Одна из наиболее сложных задач, возникших в этой связи, состояла в следующем. Надо было найти надежный способ оценить «реальную» степень нашего знакомства со словом — т. е. ту частоту, которая отражена в памяти как суммирующая весь опыт «встреч» индивида и со словом, и с именуемым им объектом, и с промельком образа этого слова (или объекта?) в мысли. Ведь именно от этой частоты зависит возможность распознать слово в тахистоскопе за больший или меньший промежуток времени. Выражаясь иначе, от этой суммарной частоты и зависит наш прогноз.

Неосознанно мы, как правило, предрасположены увидеть (равно как и услышать) «знакомое», т. е. частое, в нашем прошлом опыте. И куда менее готовы увидеть или услышать менее знакомое, или, что в данном случае то же, менее частое. В этом и состоит общеизвестный феномен предвосхищения. Кстати говоря, на нем основан эффект рифмы — «Читатель ждет уж рифмы “розы”». Оговорки, ослышки и пропущенные опечатки — явления того же порядка: редкое заменяется на более частое. (И. М. Фейгенберг предположил, что у больных шизофренией все обстоит наоборот — упрощенно говоря, согласно его гипотезе, больные более готовы увидеть или услышать нечто редкое, нежели частое.)

Но это, так сказать, из числа вещей, известных на уровне «вообще». А можете ли вы мне с ходу сказать, какое слово чаще в указанном выше понимании — крыша или карта? Вроде бы оба и не особо редкие, и не столь уж частые. Впрочем, крыша кажется более частым словом. Возможно. А как вы отнесетесь к тому не самому известному факту, что во всех текстах Пушкина (это более полумиллиона слов) слово крыша встречается только два раза? Вот то-то и оно.
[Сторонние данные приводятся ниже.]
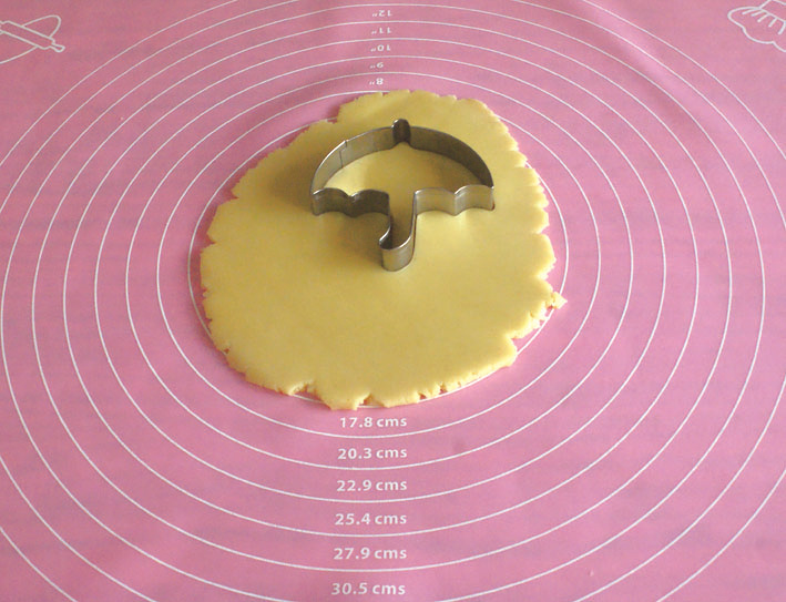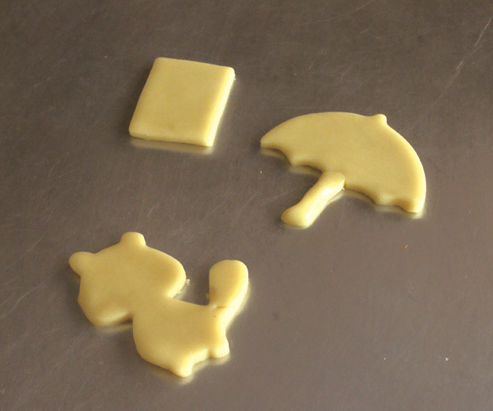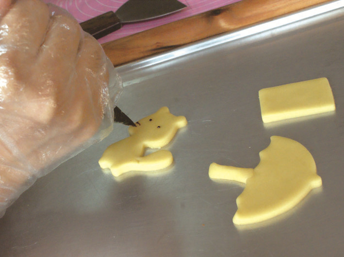 4.取出模具后,用铲子小心地取出饼干模型放进烤盘,这里动作要慢,否则一不小心就会弄坏刻好的模型。
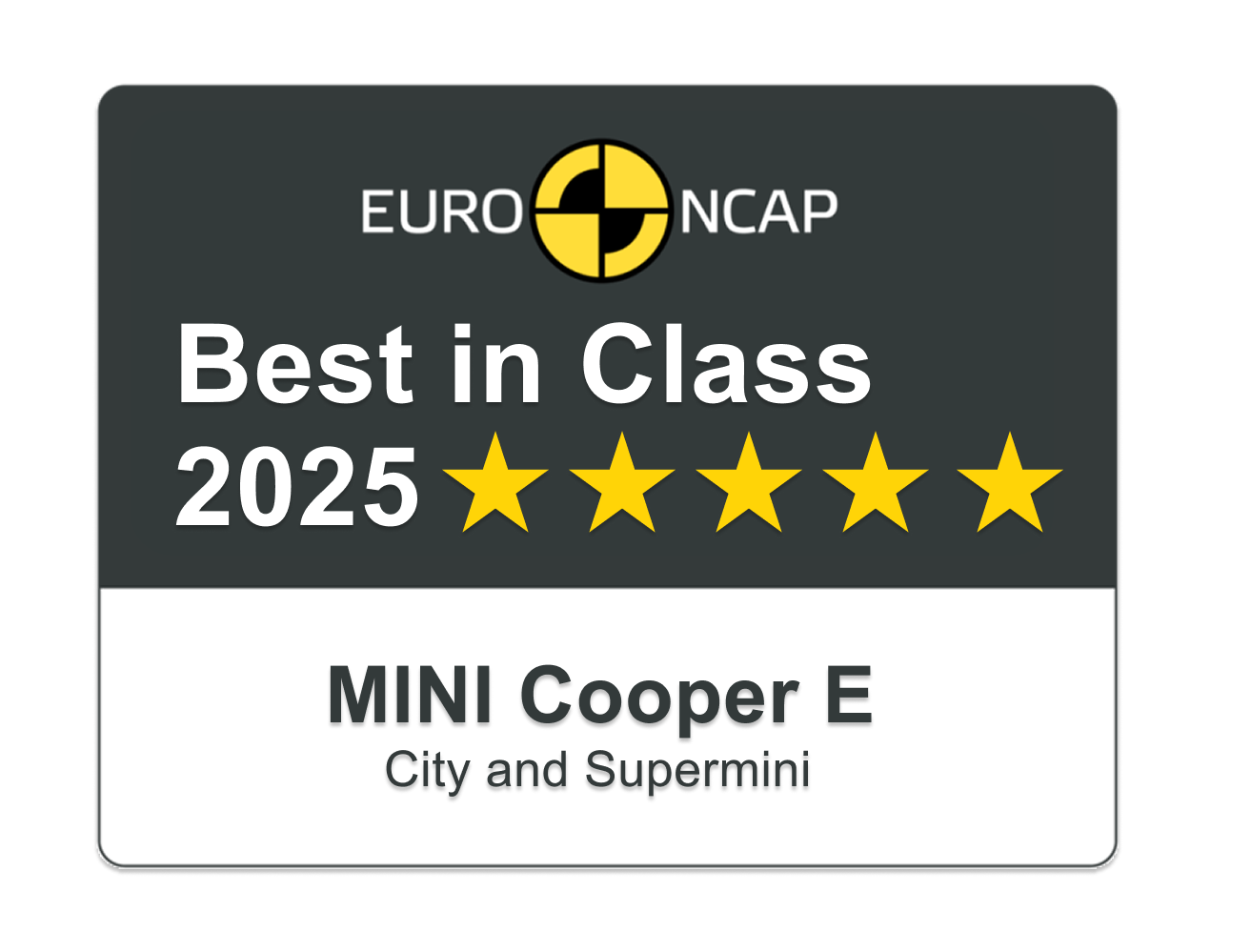 MINI setzt erneut Maßstäbe in Sachen Sicherheit. Der vollelektrische MINI Cooper Electric wird als sicherstes Fahrzeug seiner Klasse ausgezeichnet. Nach der Höchstwertung von fünf Sternen im Euro NCAP Crashtest bestätigt diese Ehrung eindrucksvoll die Spitzenposition des Modells im Segment der Premium‑Kleinwagen.

На самом деле от человека можно получить весьма надежные оценки не только частот слов, но даже частот неосмысленных буквосочетаний — таких, как СВО или ОКН. И даже букв алфавита родного языка. Надо лишь найти способ правильно об этом спрашивать. Но такая постановка проблемы выводит нас в новую и весьма загадочную область — проблему измерений в психологии. В этом направлении со временем произошел дрейф тематики семинара.

Оказывается, в процессе переработки информации человек может улавливать разнообразные и невероятно тонкие различия, но при условии, что речь идет о различиях относительных, сравнительных. Например, обычный говорящий не знает, сколько раз (в среднем) среди 1000 букв текста повторяется буква Е. С другой стороны, если группу обычных грамотных носителей русского языка попросить ответить на вопрос о том, что чаще — Е или О, И или У и т. д., то их мнения будут довольно близки. Иными словами, в подобных вопросах любой человек — отчасти эксперт, во всяком случае — в пределах своего повседневного жизненного опыта.

Кстати, чтобы выразить свои ощущения и мнения, человек пользуется особыми словами. Это слова и выражения типа «больше, чем», «самый», «наименьший», «лучше» и т. п. Так что со временем мы специально весь год целенаправленно занимались именно экспертными оценками. Но это потом.

Пока что я согласилась встретиться с младшим коллегой Фейгенберга, врачом-психиатром Д. Тогда я мало что знала о механизмах вероятностного прогноза (в американской традиции принято говорить о «вероятностном обучении», но этого я тоже еще не знала).

Что касается психиатрии вообще и шизофрении в частности, то здесь я была совершенно невежественна. Более того, я толком не читала даже Фрейда. Фрейда у нас много издавали в 20-е годы, но эти издания надо было добывать. У меня, видимо, не было к тому внутренних побуждений.

Д. появился у нас в доме в начале лета 1968 года. Первое впечатление мое было — молодость, здоровье, уверенность в себе. Высокий, темноволосый, со смуглым румянцем и распахнутой мне навстречу улыбкой, он протянул руку и представился: Толя. На вид ему было лет двадцать семь.

Я давно привыкла не доверять своим первым впечатлениям, но не до такой же степени! Тем не менее все описанное выше, будучи очевидным, было в то же время неверным. Толя оказался всего на год моложе меня (это выяснилось не сразу). Глубинным свойством его была именно неуверенность в себе (такие люди часто бывают очень тяжелы для окружающих, и я это испытала в полной мере). Что касается здоровья, то физически он был, конечно, вполне здоров. Но, как говаривали в старину, «нервы его были совершенно расстроены», и это составляло, увы, постоянный фон наших отношений.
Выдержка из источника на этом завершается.